The NFL and domestic abuse: An evolving case study in horrific leadership

Before our very eyes, the National Football League — notably Commissioner Roger Goodell and various team executives and owners — is putting on a show of horrific leadership in the midst of domestic violence allegations against certain NFL players. The current wave of media attention followed the public posting of video footage showing now former Baltimore Ravens star Ray Rice delivering a knockout punch to his then-fiancee (and now wife) and then dragging her body out of an elevator. Days later, Minnesota Vikings star Adrian Peterson was indicted on child abuse charges. More stories involving other NFL players are now popping up.
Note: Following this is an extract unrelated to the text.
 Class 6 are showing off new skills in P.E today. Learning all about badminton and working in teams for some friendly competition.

The Ray Rice story is the most factually developed, at least for now. If you want a sense of the culture of the NFL’s front office and the character of some of its leaders, start by reading this excellent investigative report by ESPN’s Don Van Natta, Jr., and Kevin Van Valkenburg, “Rice case: Purposeful misdirection by team, scant investigation by NFL“:

Just hours after running back Ray Rice knocked out his then-fiancée with a left hook at the Revel Casino Hotel in Atlantic City, New Jersey, the Baltimore Ravens’ director of security, Darren Sanders, reached an Atlantic City police officer by phone. While watching surveillance video — shot from inside the elevator where Rice’s punch knocked his fiancée unconscious — the officer, who told Sanders he just happened to be a Ravens fan, described in detail to Sanders what he was seeing.

Sanders quickly relayed the damning video’s play-by-play to team executives in Baltimore, unknowingly starting a seven-month odyssey that has mushroomed into the biggest crisis confronting a commissioner in the NFL’s 94-year history.
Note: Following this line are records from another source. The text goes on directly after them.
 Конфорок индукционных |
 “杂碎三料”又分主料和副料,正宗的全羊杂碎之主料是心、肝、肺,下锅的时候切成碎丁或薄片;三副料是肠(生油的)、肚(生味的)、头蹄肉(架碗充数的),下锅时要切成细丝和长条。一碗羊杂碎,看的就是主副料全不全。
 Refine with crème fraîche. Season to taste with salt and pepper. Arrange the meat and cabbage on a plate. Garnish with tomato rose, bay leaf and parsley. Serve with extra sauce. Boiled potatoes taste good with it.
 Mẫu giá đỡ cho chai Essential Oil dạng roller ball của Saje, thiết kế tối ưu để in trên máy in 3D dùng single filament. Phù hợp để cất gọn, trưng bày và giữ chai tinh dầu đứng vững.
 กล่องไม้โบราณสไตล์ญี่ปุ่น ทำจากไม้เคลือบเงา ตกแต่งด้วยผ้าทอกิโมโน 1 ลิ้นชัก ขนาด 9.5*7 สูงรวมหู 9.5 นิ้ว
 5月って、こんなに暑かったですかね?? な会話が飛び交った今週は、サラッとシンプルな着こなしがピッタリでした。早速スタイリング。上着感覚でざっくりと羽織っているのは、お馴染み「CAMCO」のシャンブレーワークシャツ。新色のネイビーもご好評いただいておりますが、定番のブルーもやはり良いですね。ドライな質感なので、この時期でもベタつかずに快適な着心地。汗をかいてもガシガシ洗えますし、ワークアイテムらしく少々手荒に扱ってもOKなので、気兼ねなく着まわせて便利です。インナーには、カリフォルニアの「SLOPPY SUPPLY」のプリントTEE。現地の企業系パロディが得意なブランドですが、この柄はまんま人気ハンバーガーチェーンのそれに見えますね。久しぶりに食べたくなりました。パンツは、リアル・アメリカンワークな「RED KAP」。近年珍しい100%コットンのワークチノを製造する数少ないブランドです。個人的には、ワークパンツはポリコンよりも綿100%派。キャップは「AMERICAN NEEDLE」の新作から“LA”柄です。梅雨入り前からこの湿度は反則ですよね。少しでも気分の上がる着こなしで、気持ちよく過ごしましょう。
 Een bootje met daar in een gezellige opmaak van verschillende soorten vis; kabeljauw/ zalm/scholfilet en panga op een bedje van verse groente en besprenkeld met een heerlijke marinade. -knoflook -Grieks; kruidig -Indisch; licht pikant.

“Outside the Lines” interviewed more than 20 sources over the past 11 days — team officials, current and former league officials, NFL Players Association representatives and associates, advisers and friends of Rice — and found a pattern of misinformation and misdirection employed by the Ravens and the NFL since that February night.

I submit that this story carries relevance far beyond the world of professional sports. In particular, the actions of Commissioner Goodell and Baltimore Ravens executives mimic those of countless other organizational leaders when presented with allegations of domestic violence, sexual harassment or assault, school bullying, or workplace bullying lodged against people they wish to protect due to personal ties or business interests. Whether the claims are directed at a powerful senior executive, a “rainmaking” business partner, a team’s star quarterback, or a golf buddy, they simply choose not to do the right thing.